For every line in the material, output its text exactly and exclude any image it holds.
DATA RECORDS section start
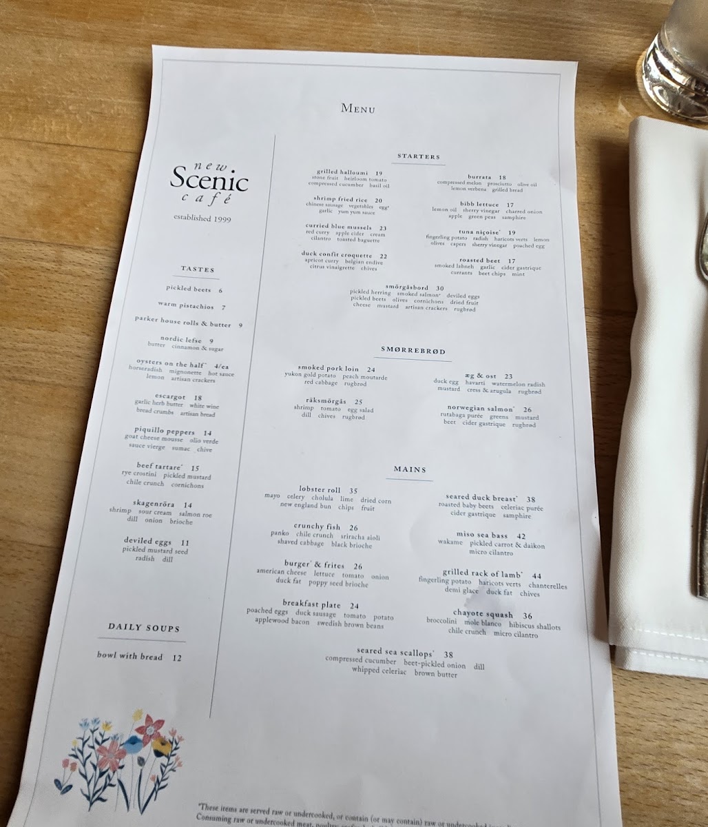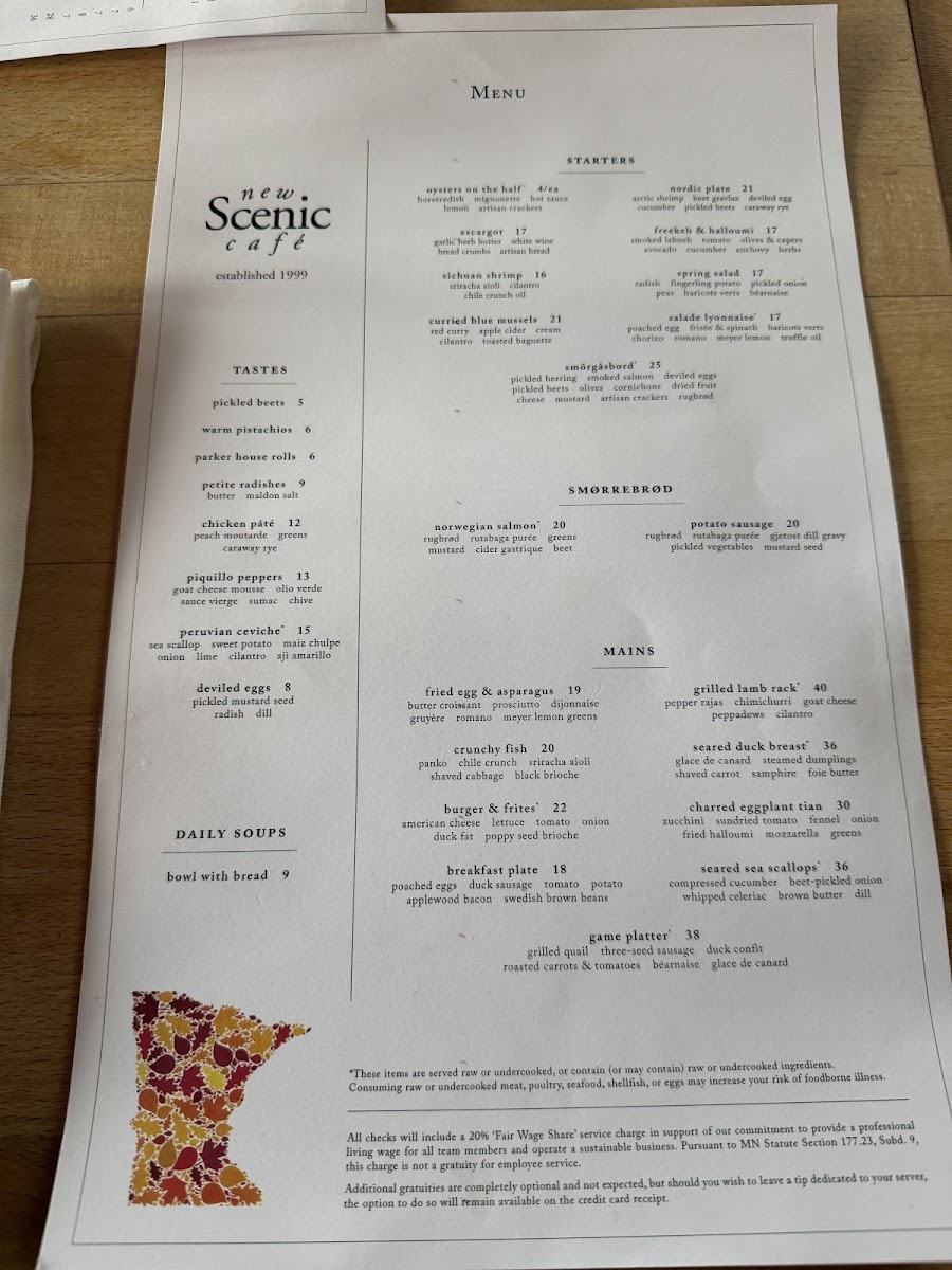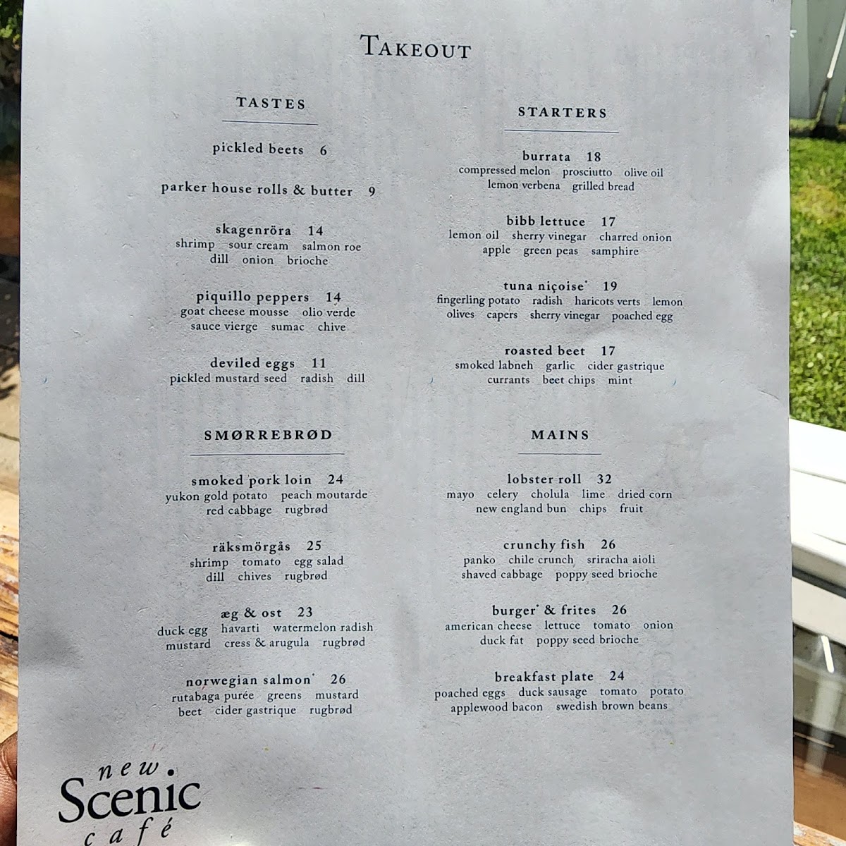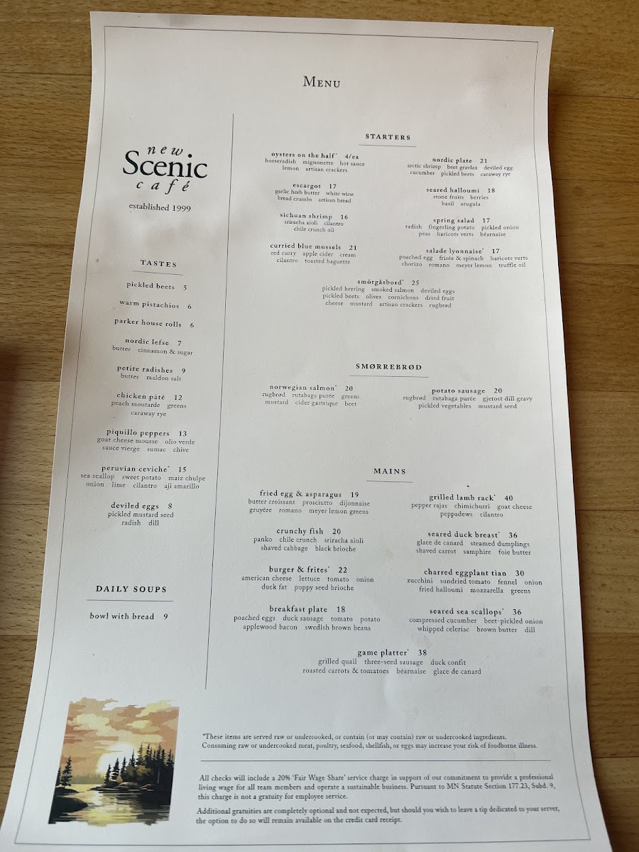 New Scenic Café Menu
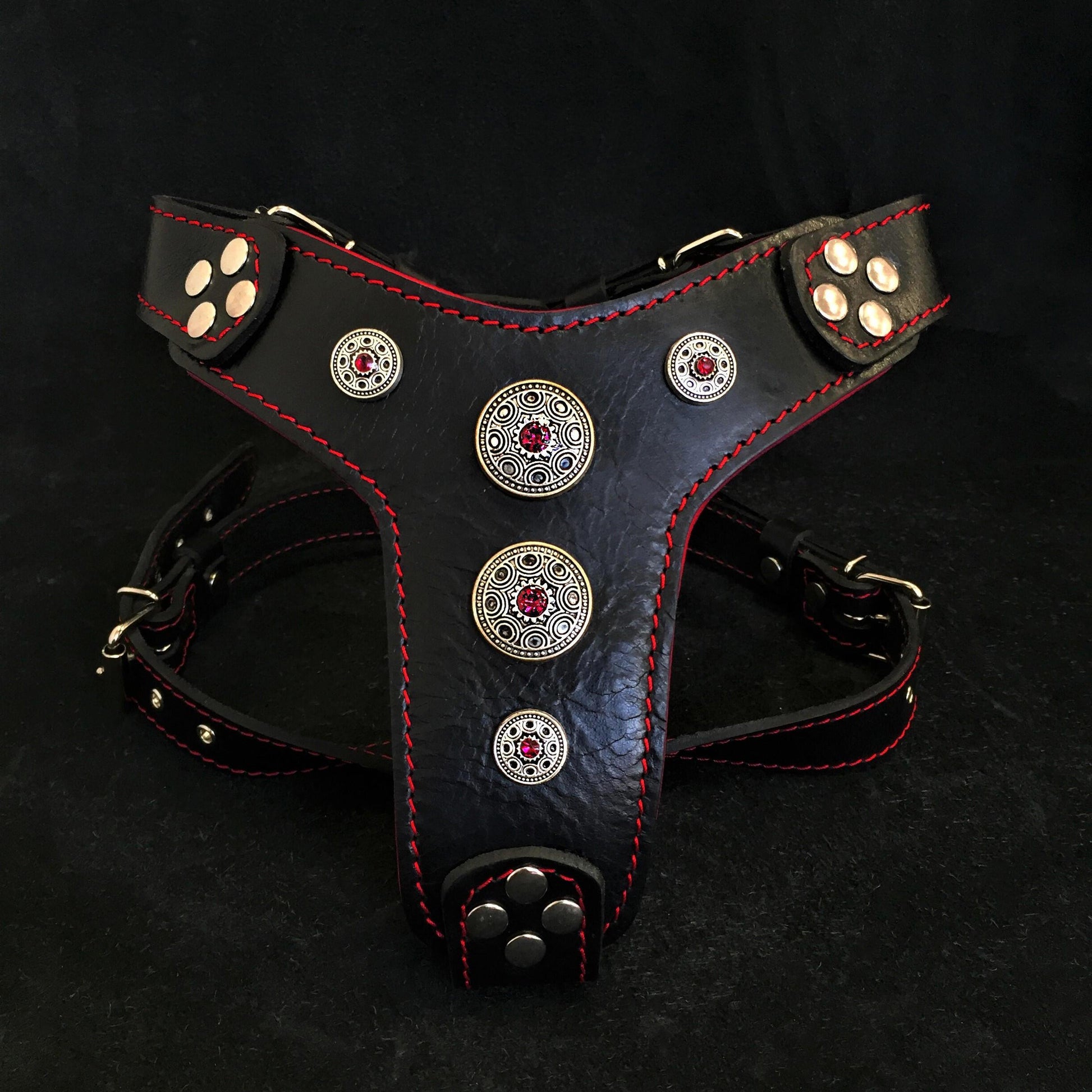 The "Bijou" harness is as unique as your dog. Featuring 2 round old silver rivets with red fitted rhinestones. This harness is completely hand crafted by our small team.
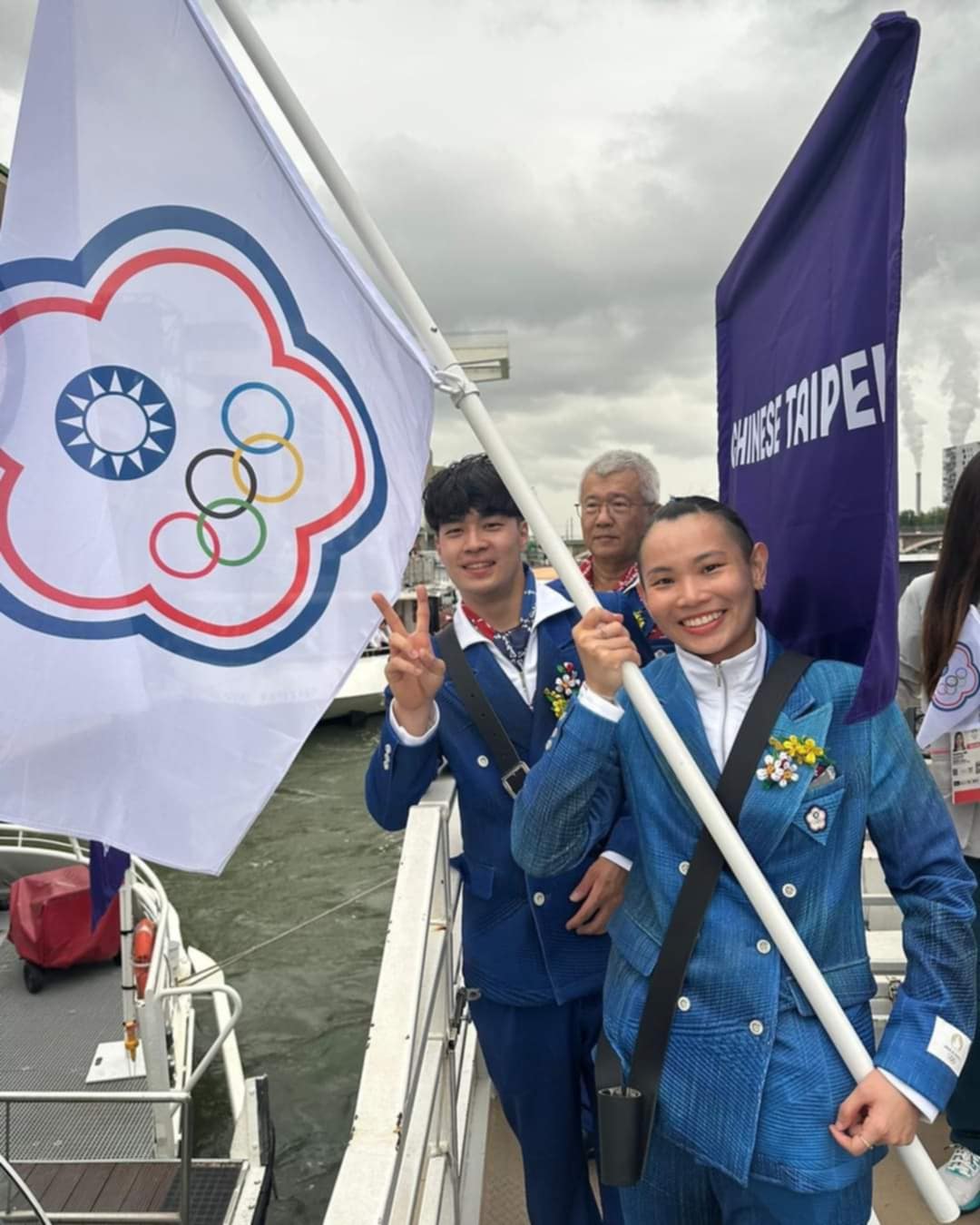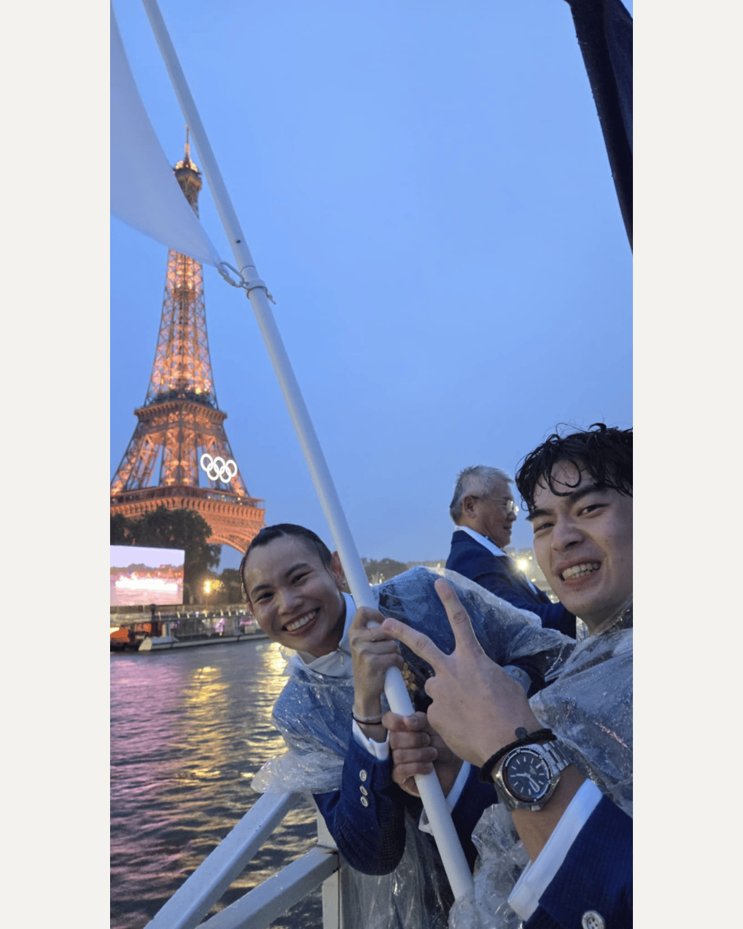 在巴黎奧運的開幕式中,孫振與蘇志鵬教練身穿中華隊的進場制服,一起留下珍貴的合照。圖片來源:蘇志鵬教練提供
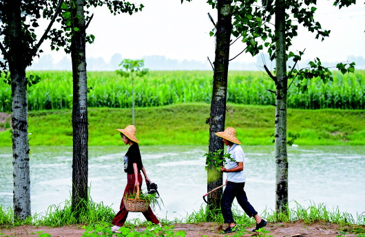 8月5日,王曉楠(左)與父親在河邊拍攝后準備回家。組圖均由新華社記者郝源攝
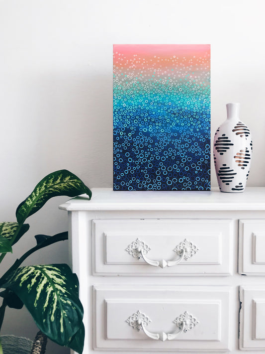 Beach Bubbles II – Coastal Abstract Painting in Blue, Turquoise & Pink
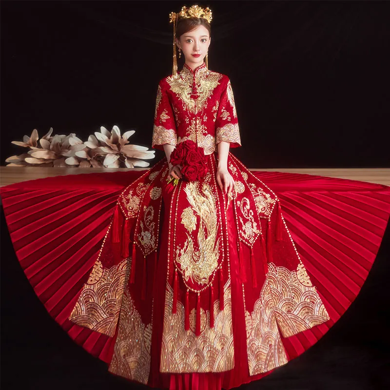 Cố Nhiễm mặc một chiếc váy thêu long phượng màu vàng kim trên nền đỏ, phối với trang sức lộng lẫy trên đầu, nhìn máy ảnh dưới cằm làm động tác tay “ngầu lòi” 🤘: “Trông mình cũng không tệ lắm ha.”
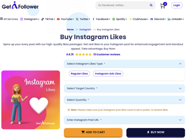 2. GetAFollower – Top Pick for Affordable Instagram Likes
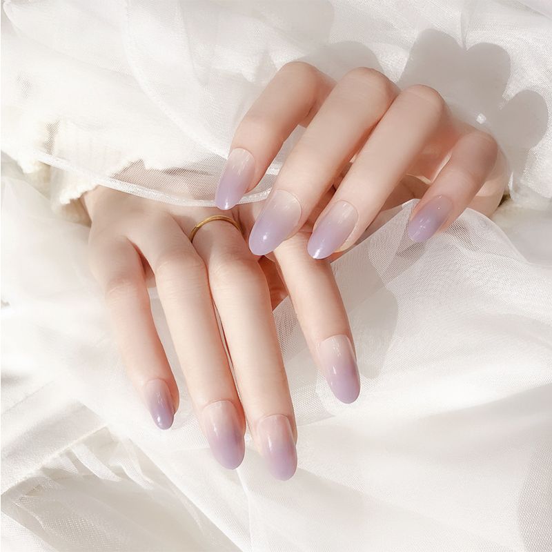 Pretty Purple Gradient False Nails Round Head Pre Design Handmade
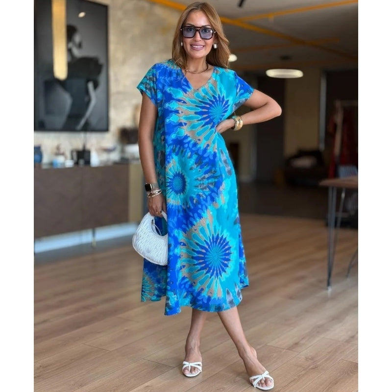 Válogatott minták – Tűnj ki bármilyen színben: A ruha élénk mintái karaktert és mélységet kölcsönöznek az összképnek. Minden színösszeállítás jellegzetes vizuális hatással bír, amely kiegészíti az évszakhoz illő árnyalatokat, biztosítva, hogy a trendi maradj, miközben megőrzöd az egyedi stílusodat.
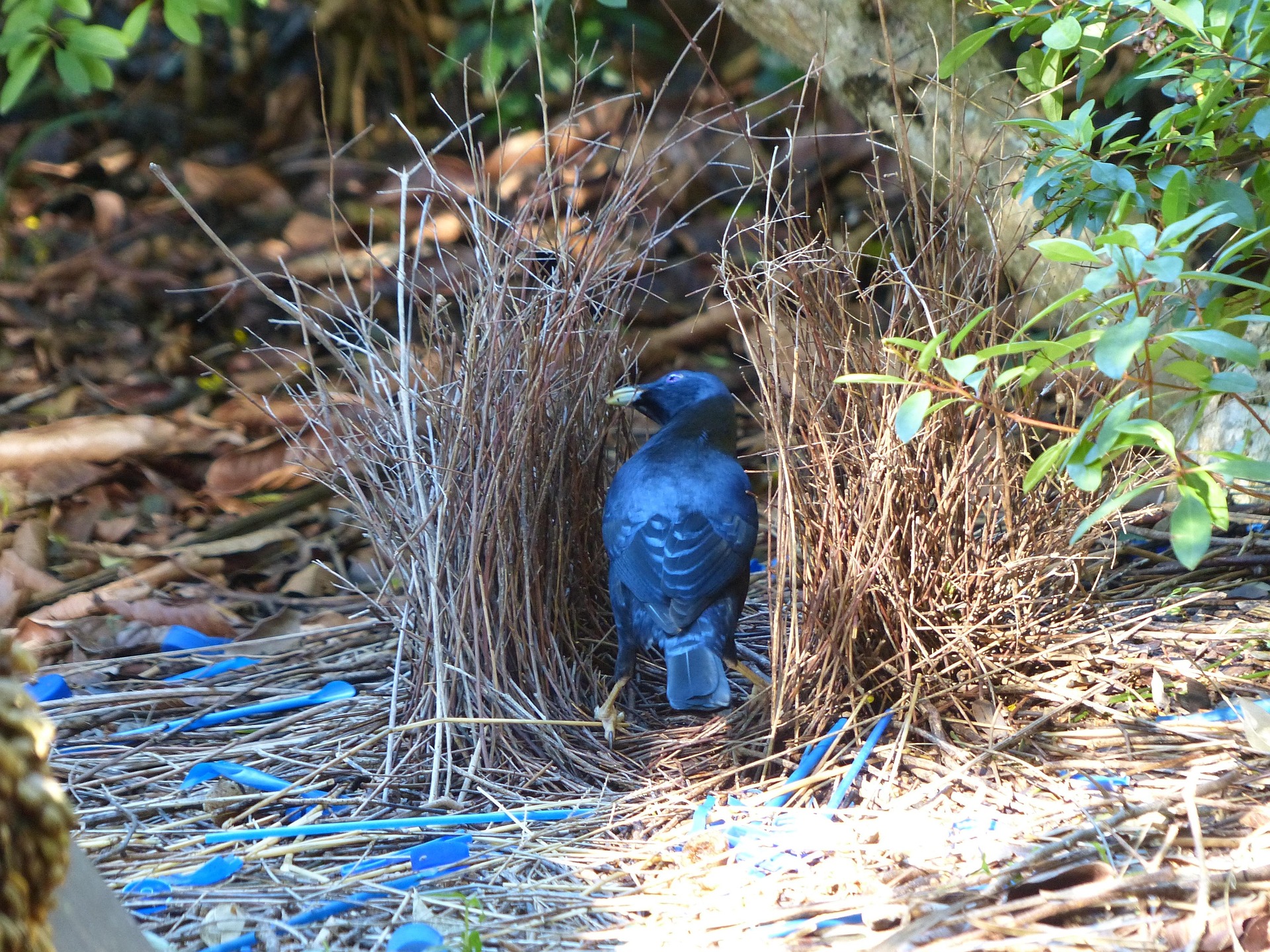 The male Satin Bowerbird invests enormous effort not in survival alone, but in courtship. He builds elaborate structures called bowers using twigs and decorates them carefully with blue objects — feathers, flowers, berries, even human-made items.
DATA RECORDS section end
• _RESPONSE BELOW_
 New Scenic Café Menu
 The "Bijou" harness is as unique as your dog. Featuring 2 round old silver rivets with red fitted rhinestones. This harness is completely hand crafted by our small team.
 在巴黎奧運的開幕式中,孫振與蘇志鵬教練身穿中華隊的進場制服,一起留下珍貴的合照。圖片來源:蘇志鵬教練提供
 8月5日,王曉楠(左)與父親在河邊拍攝后準備回家。組圖均由新華社記者郝源攝
 Beach Bubbles II – Coastal Abstract Painting in Blue, Turquoise & Pink
 Cố Nhiễm mặc một chiếc váy thêu long phượng màu vàng kim trên nền đỏ, phối với trang sức lộng lẫy trên đầu, nhìn máy ảnh dưới cằm làm động tác tay “ngầu lòi” 🤘: “Trông mình cũng không tệ lắm ha.”
 2. GetAFollower – Top Pick for Affordable Instagram Likes
 Pretty Purple Gradient False Nails Round Head Pre Design Handmade
 Válogatott minták – Tűnj ki bármilyen színben: A ruha élénk mintái karaktert és mélységet kölcsönöznek az összképnek. Minden színösszeállítás jellegzetes vizuális hatással bír, amely kiegészíti az évszakhoz illő árnyalatokat, biztosítva, hogy a trendi maradj, miközben megőrzöd az egyedi stílusodat.
 The male Satin Bowerbird invests enormous effort not in survival alone, but in courtship. He builds elaborate structures called bowers using twigs and decorates them carefully with blue objects — feathers, flowers, berries, even human-made items.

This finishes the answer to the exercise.